How is RNA-Seq data normalized in AltAnalyze?
Answer: Typically, RNA-seq data imported into AltAnalyze will be in one of two formats: 1) junction coordinates and read counts or 2) exon coordinate read counts.
In both cases, the number of read counts is summarized at either the level of an annotated/novel exon junction, rather than importing the genomic position of each individual read (details). In AltAnalyze, these summarized features can be analyzed directly as read counts or normalized using a basic quantile normalization approach or RPKM (Reads Per Kilobase of sequence per Million mapped reads). For junctions, sequence length in this equation is set to 60nt. For exons, this length is the length of the full annotated exon (Ensembl/UCSC).

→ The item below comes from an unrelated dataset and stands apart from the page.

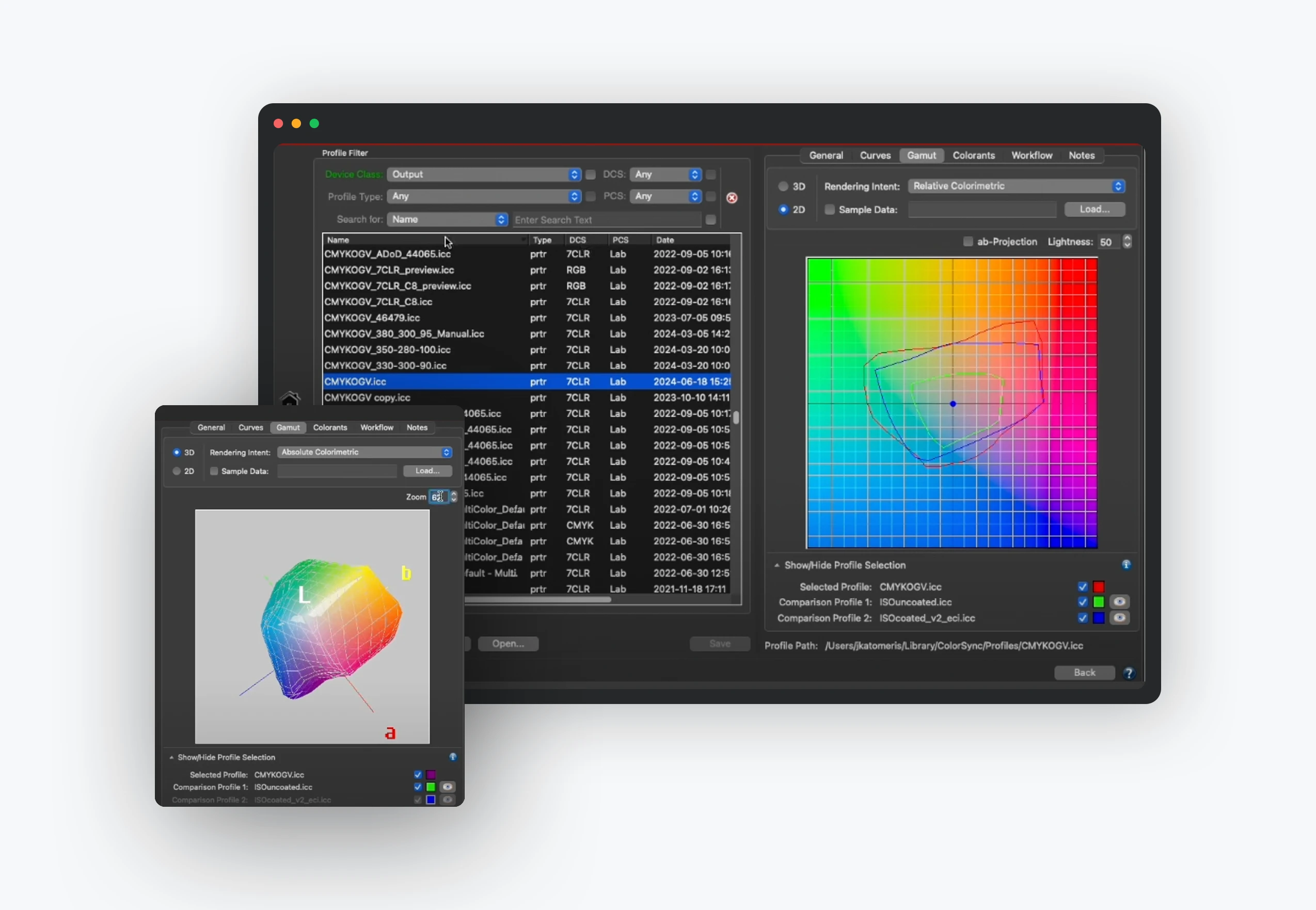 Qualitativ hochwertige DeviceLink-Profile für alle aktuellen internationalen Druckstandards für Konvertierung, Gesamtfarbauftrags-Beschränkung und Druckfarbeinsparung / Stabilisierung.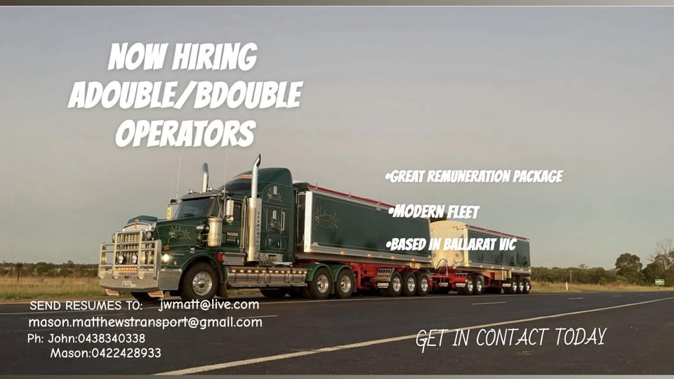 "Join Mason Matthew Transport as an Adoule/BDouble Operator in Ballarat VIC, with a great remuneration package and modern fleet."

To calculate differential gene and alternative exon expression, some adjustments to these counts must be made, prior to normalization and analysis. For example, if a junction is undetected in condition 1 and highly expressed in condition 2, to obtain a fold change, both conditions must be incremented by a non-zero value to obtain a semi-realistic fold change. We currently increment each read count for an imported exon or junction by 1 (e.g., a non-expressed junction will have a read count of 1). An exon junction would have an RPKM of 0.955 (based on a single read), whereas an exon would have a value dependent on the exon length, typically close to zero. When expression is reported in the gene expression summary results (ExpressionOutput) or alternative expression results (AltResults/AlternativeOutput), the original non-incremented read counts will be reported if analyzing counts or quantile normalized counts. When analyzing RPKM, the incremented RPKM values will be reported.
For users wishing to view the non-incremented read counts for each exon and junction, along with the feature genomic coordinates, see the "counts." file in the ExpressionInput directory.